→ Work to complete:
Look below for the line that has "W okresie czteroletniej"; output exactly from it through the line that has "2階へは螺旋階段です！！セキュリティー強化してます", and leave the pictures out.

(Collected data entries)
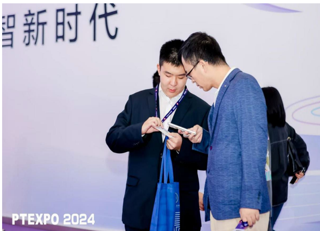
图 2-3 学生在 2024 年中国国际信息通信展览会现场调研
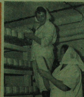
Pod względem wielkości produkcji przemysłu spożywczej, zajmując w naszym województwie pierwsze miejsce (wytworzył blisko 18 proc. ogólnej produkcji przemysłowej). Ostatnio wybudowaliśmy kilka nowoczesnych zakładów mleczarskich.

W okresie czteroletniej działalności zrzeszenie skupiło 1400 chałupników z powiatów: bielskiego, białostockiego, hajnowskiego, siemiatyńskiego, dąbrowskiego, a ostatnio także gminy, w tym także, sejnęńskiego i augustowskiego. Zakładając, że w tym czasie wielu artykułów biorą udział także człon-
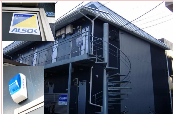
2階へは螺旋階段です！！セキュリティー強化してます
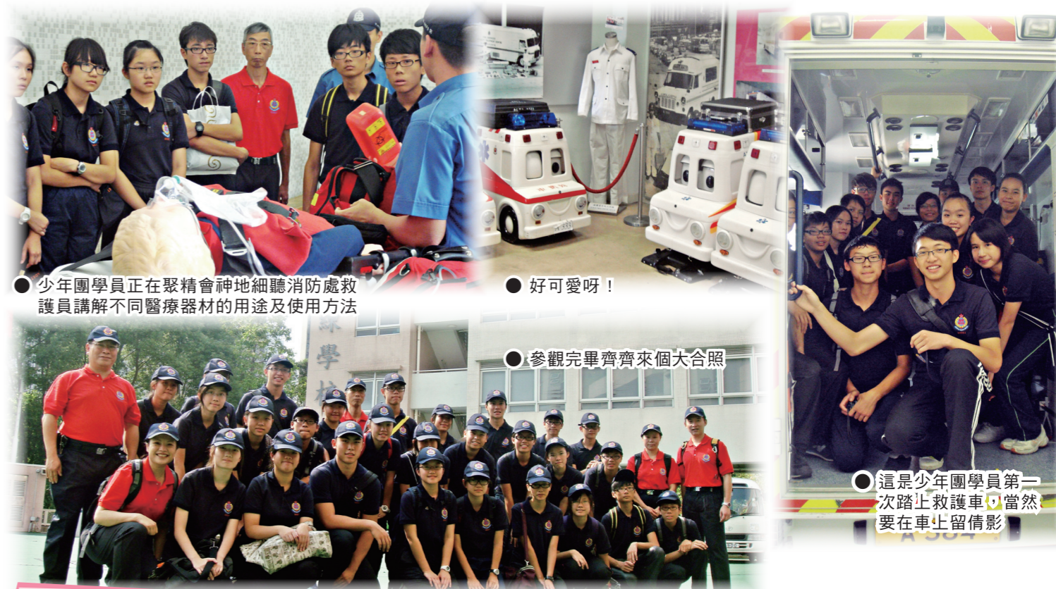
●少年團學員正在聚精會神地細聽消防處救護員講解不同醫療器材的用途及使用方法

→ Solution:
W okresie czteroletniej działalności zrzeszenie skupiło 1400 chałupników z powiatów: bielskiego, białostockiego, hajnowskiego, siemiatyńskiego, dąbrowskiego, a ostatnio także gminy, w tym także, sejnęńskiego i augustowskiego. Zakładając, że w tym czasie wielu artykułów biorą udział także człon-
2階へは螺旋階段です！！セキュリティー強化してます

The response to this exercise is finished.